Infrastructure department projects

The Infrastructure department uses GitLab projects to operate GitLab.com, and supporting services for GitLab Inc., in addition to GitLab Engineering projects.

This page aims to provide a clear definition of a project:

  1. type
  2. data classification
  3. canonical and mirror locations
  4. ownership and access

Types

Type Description
Workload Projects that span multiple teams/depts, often contain information that can be sensitive, or are mission critical at runtime. Frequently customer impacting.
Library Projects that support workloads.
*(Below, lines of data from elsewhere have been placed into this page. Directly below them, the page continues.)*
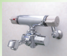
MX-HS サーモスタット混合栓
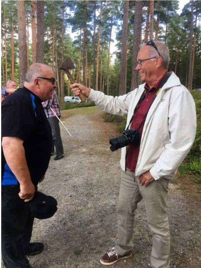
Test av Kalla-Haukna yxhammare
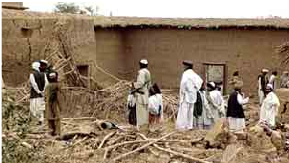
ဝါရှင်တန် စက်တင်ဘာ ၂၉ တောင်တန်းထူထပ်ရာ လူမျိုးစုံ အာဖဂန်နယ်စပ်အနီး ပါကစ္စတန် အမေရိကန်တို့၏ ကမ္ဘာတန် အနောက်မြောက်ပိုင်း မောင်းသူမဲ့လေယာဉ်ဖြင့် တိုက်ခိုက်မှုကြောင့် အနည်းဆုံး လူပေါင်း ၅၉၀၀ကျော် သေဆုံးပြီး ၁၀၆၀၀ ဒဏ်ရာရရှိခဲ့ကြောင်း စစ်ဘက်ဆိုင်ရာ စာရင်းဇယားများ၌ ဖော်ပြသည်။ (ဆင်ဟွာ)

လွန်ခဲ့သည့်နှစ်က အီရတ်ကို သွေးချောင်းစီးသည့် နှစ်တစ်နှစ်အဖြစ် ကြေညာခဲ့ပြီး နှစ်ကုန်ပိုင်းတွင် လူ ၈၀၀၀ထက်မနည်း အသတ်ခံခဲ့ရသည်။ (ပရက်စ်တီဗီ)
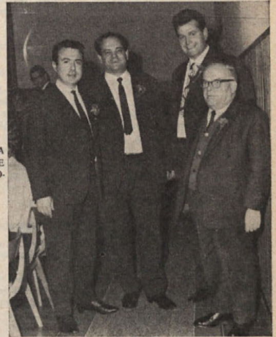
ZGODOVINA NAS UCI, DA SE V VSAKI DRUŽBI NAJDE ELITA, KI SE LOČI OD MNOŽICE
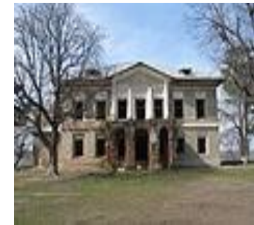
Conacul Rosetti - Solescu de la Solești - Vaslui
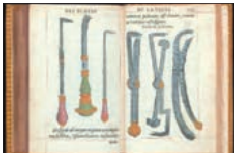
■ ابزارهای جراحی معرفی شده در کتاب «شیوه‌های درمان زخم‌ها و شکستگی‌های بدن انسان»

● علم و فناوری و صنعت: علم جدید با رویکرد دنیوی خود، دیگر وظیفه شناخت حقیقت عالم و مسئولیت عبور انسان را از ملک به ملکوت برعهده نداشت بلکه به تدریج به ابزار تسلط انسان بر طبیعت تبدیل شد و از این جهت به دستاوردهای شگرفی نائل آمد.
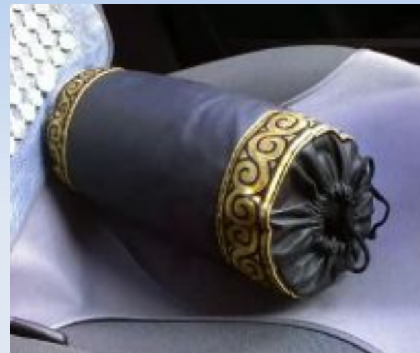
Идея 2. Подушка валик

Generally do not contain sensitive information, but can process sensitive information.
Tooling Projects that support automation around library and application management and general day-to-day project maintenance.
Team Projects that are supporting team workflows, team automation and processes.
Work In Progress Projects used in a sandbox, proof of concept or one off automation. Cannot process production workloads until graduating to a different type of project.

Data Classification

Name Description
Restricted Projects contain code/data that can, amongst other things, expose access to individuals that wouldn’t have access as part of their role. Access could also aid malicious users in harming company reputation, or if improperly used cause damage to mission critical systems.
Private Projects contain code that can be visible to GitLab team-members and in some cases to wider community. At runtime, they can access or work with sensitive data.
Public Projects containing code that contains no sensitive data and at runtime does not directly process sensitive data

Canonical locations

Infrastructure department workflows are split through a number of GitLab instances that are used both to dogfood our product but also to support our general workflows. In general, we have two instances that are used by the Infrastructure department to support day-to-day workflows:

  1. GitLab.com
  2. ops.gitlab.net

The Infrastructure department does the necessary work on GitLab.com to organize and plan work.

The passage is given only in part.